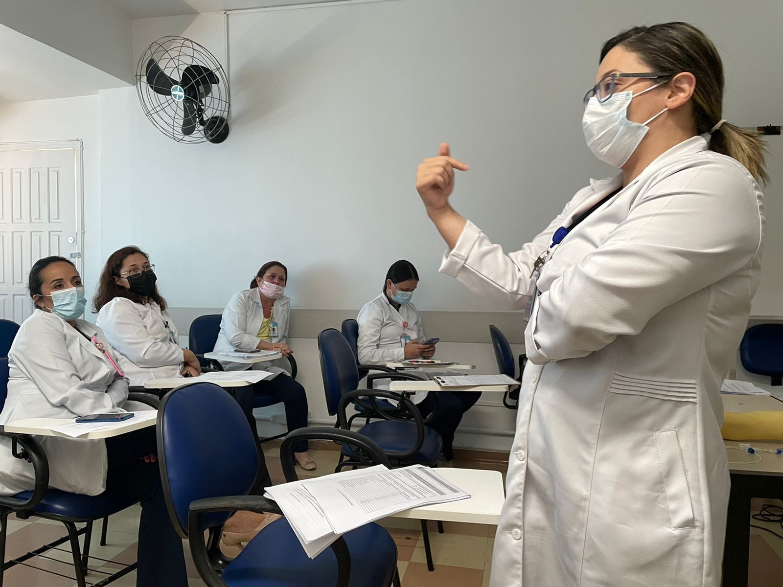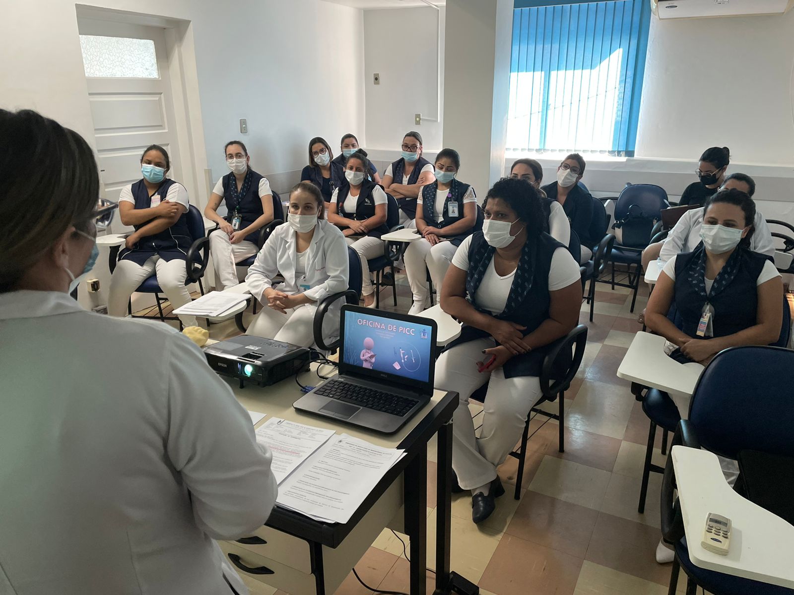 Profissionais participam de curso de capacitação para passagem de Cateter Central de Inserção Periférica - PICC
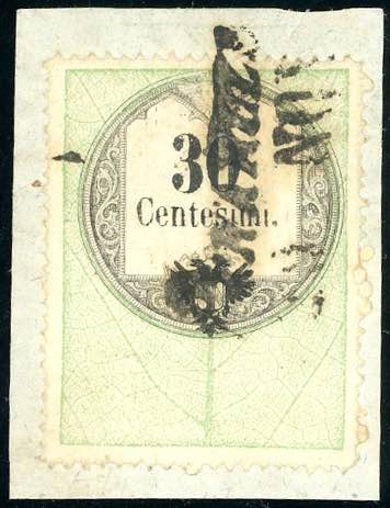 PERAROLO, SI Ig. punti 9 - 30 cent., marca da bollo (4), ottimo stato, usata su frammento. Ferrario.
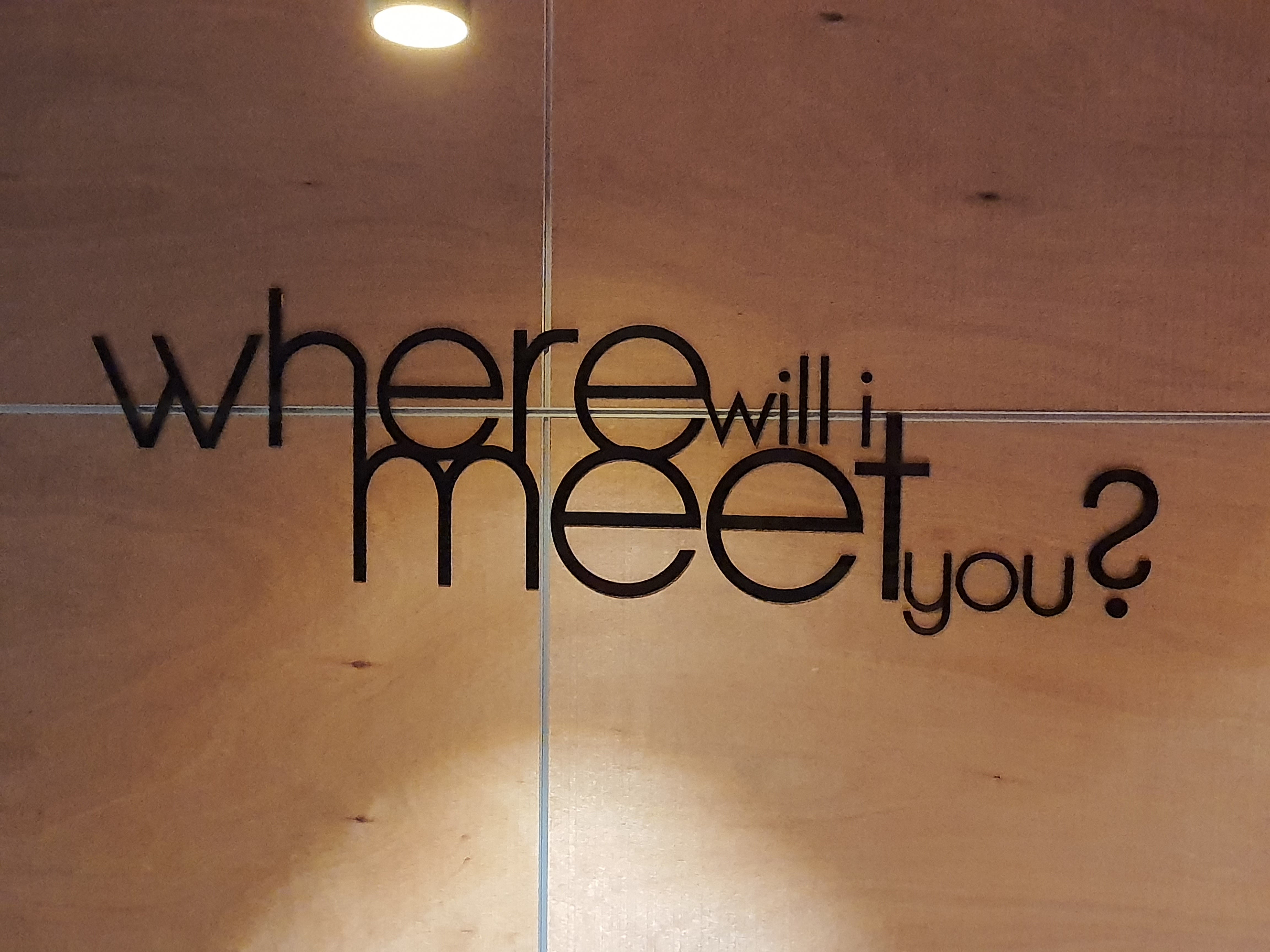 Let’s start here, at the front entrance. If you stop and stand on these steps for long enough, your gaze will turn away from the cavernous concrete bunker beneath you and upwards towards an electronic sign.
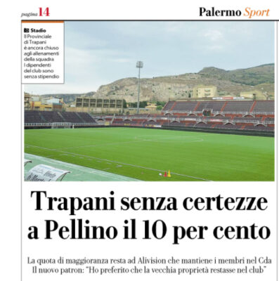 L'edizione odierna de "La Repubblica" si sofferma sul Trapani. Circola la voce che Pellino abbia rilevato solo una parte minoritaria...
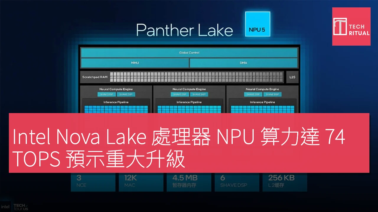 隨著Intel推出的 Lunar Lake 處理器,第四代 NPU 算力達到了 50 TOPS,滿足了該需求。而在最新的酷睿 Ultra 300 系列 Panther Lake 上,第五代 NPU 在維持相同算力的情況下,縮小了芯片面積,同時新增了對 FP8 量化運算的支持。
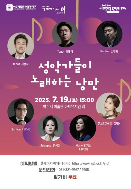 7월 ‘아트·뮤직 려(Art·Music Ryeo)’ 프로그램에서는 성악가들이 노래하는 ‘낭만’이라는 제목으로 프로그램을 구성했으며 테너 최용석, 김태형 / 바리톤 김재황, 나의석 / 소프라노 정성미 / 피아노 김지현 / 콘서트가이드 이세영이 참여한다.
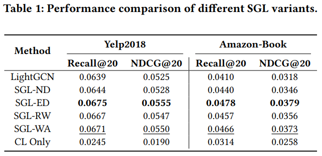 在SGL[1]上作者进行了如下实验,探究图结构扰动在图对比学习中的作用,ND为节点dropout,ED为边dropout,RW为随机游走,WA不进行数据增广(这里两个视图都用原始embedding)。可以发现,不进行数据增广的情况下,只比增强低一点,说明其作用很小。
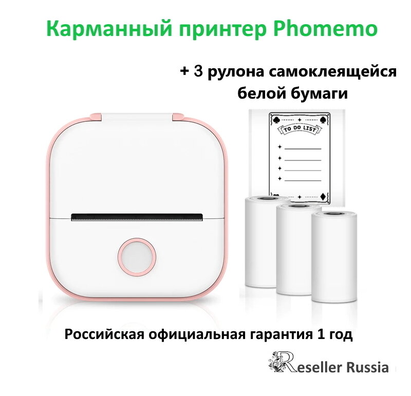 Мини принтер Phomemo T02 White + 3 рулона самоклеящейся бумаги, карманный принтер для смартфона, белый
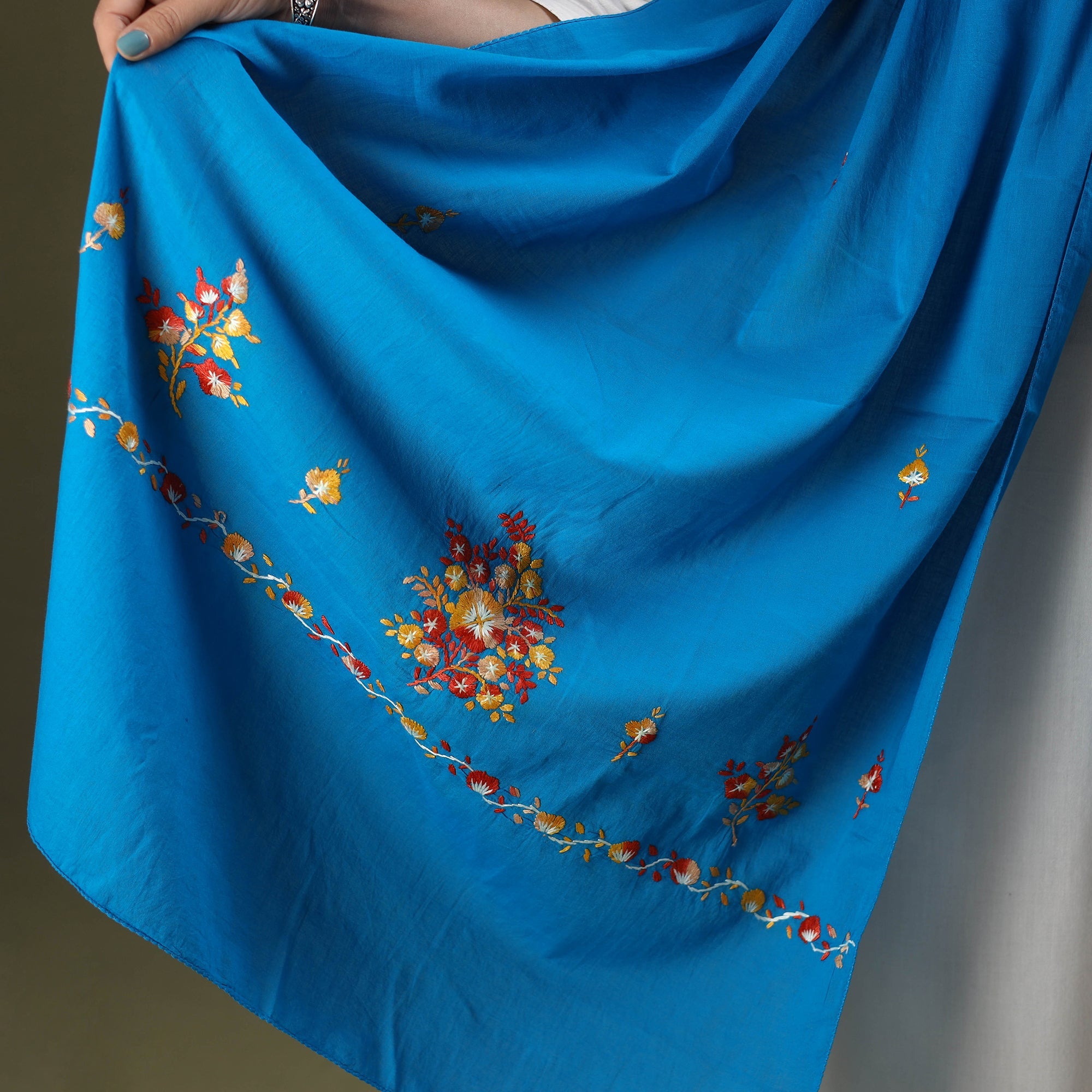 • Blue - cotton kashida embroidery stole 19 - handcrafted
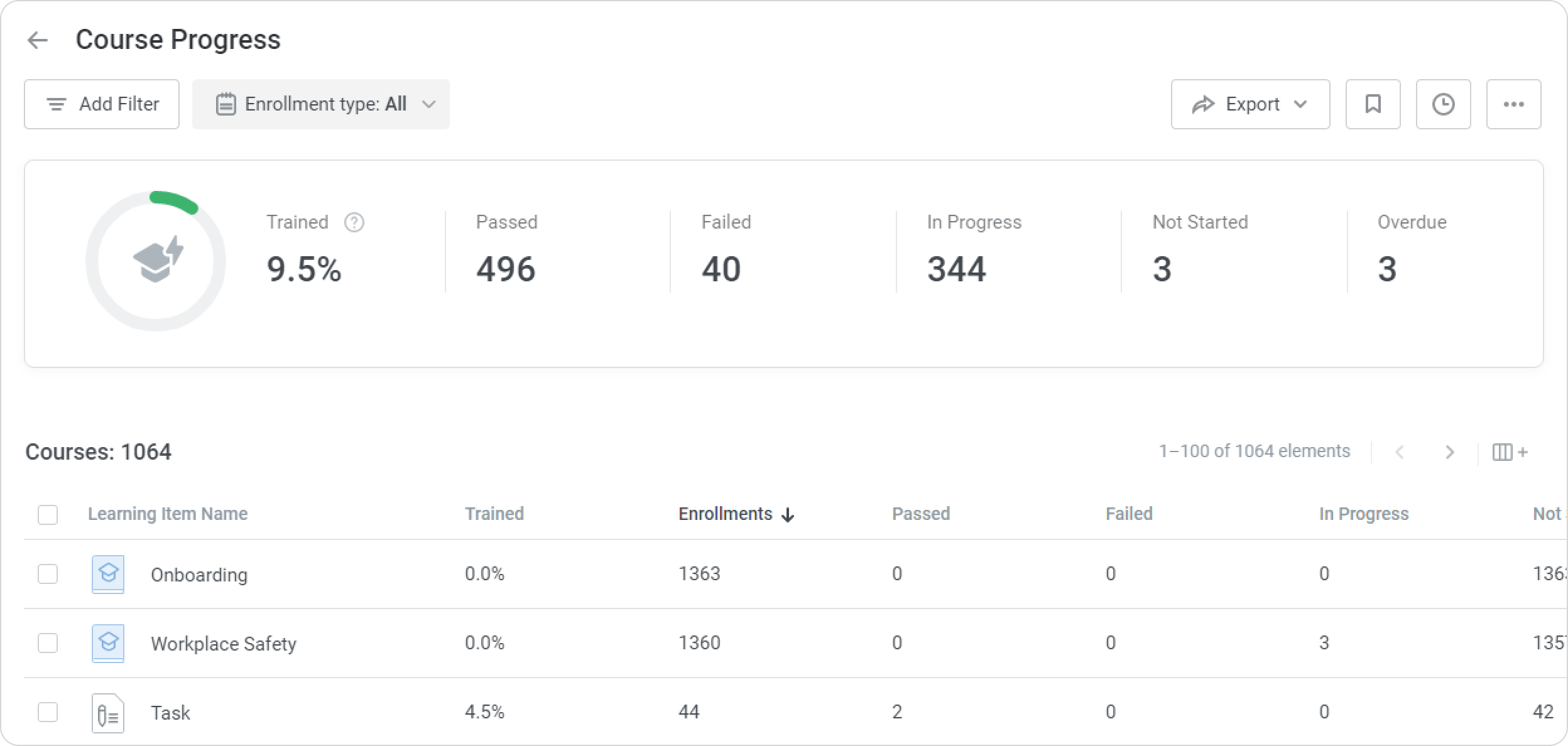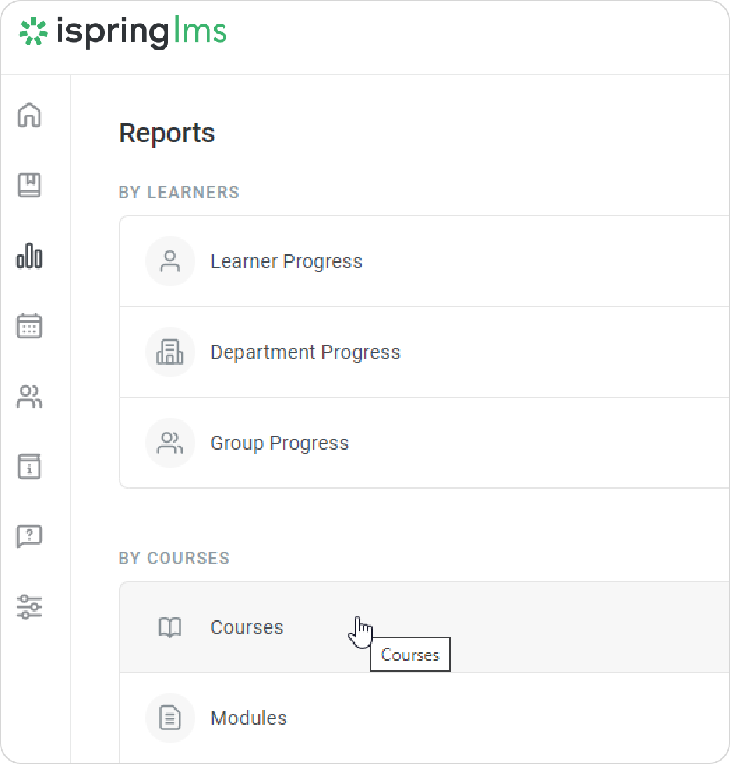A new Course Progress report is a convenient option to check learners' progress on one or multiple courses. You can also check the statuses of courses that have already been assigned to users.

--------

:: Task item ::
Would you give again, exactly as written, the lines from the one containing "L'edizione odierna de" through the end of the records, with no pictures and no other lines?

:: Response to the exercise ::
 L'edizione odierna de "La Repubblica" si sofferma sul Trapani. Circola la voce che Pellino abbia rilevato solo una parte minoritaria...
 隨著Intel推出的 Lunar Lake 處理器,第四代 NPU 算力達到了 50 TOPS,滿足了該需求。而在最新的酷睿 Ultra 300 系列 Panther Lake 上,第五代 NPU 在維持相同算力的情況下,縮小了芯片面積,同時新增了對 FP8 量化運算的支持。
 7월 ‘아트·뮤직 려(Art·Music Ryeo)’ 프로그램에서는 성악가들이 노래하는 ‘낭만’이라는 제목으로 프로그램을 구성했으며 테너 최용석, 김태형 / 바리톤 김재황, 나의석 / 소프라노 정성미 / 피아노 김지현 / 콘서트가이드 이세영이 참여한다.
 在SGL[1]上作者进行了如下实验,探究图结构扰动在图对比学习中的作用,ND为节点dropout,ED为边dropout,RW为随机游走,WA不进行数据增广(这里两个视图都用原始embedding)。可以发现,不进行数据增广的情况下,只比增强低一点,说明其作用很小。
 Мини принтер Phomemo T02 White + 3 рулона самоклеящейся бумаги, карманный принтер для смартфона, белый
 • Blue - cotton kashida embroidery stole 19 - handcrafted
A new Course Progress report is a convenient option to check learners' progress on one or multiple courses. You can also check the statuses of courses that have already been assigned to users.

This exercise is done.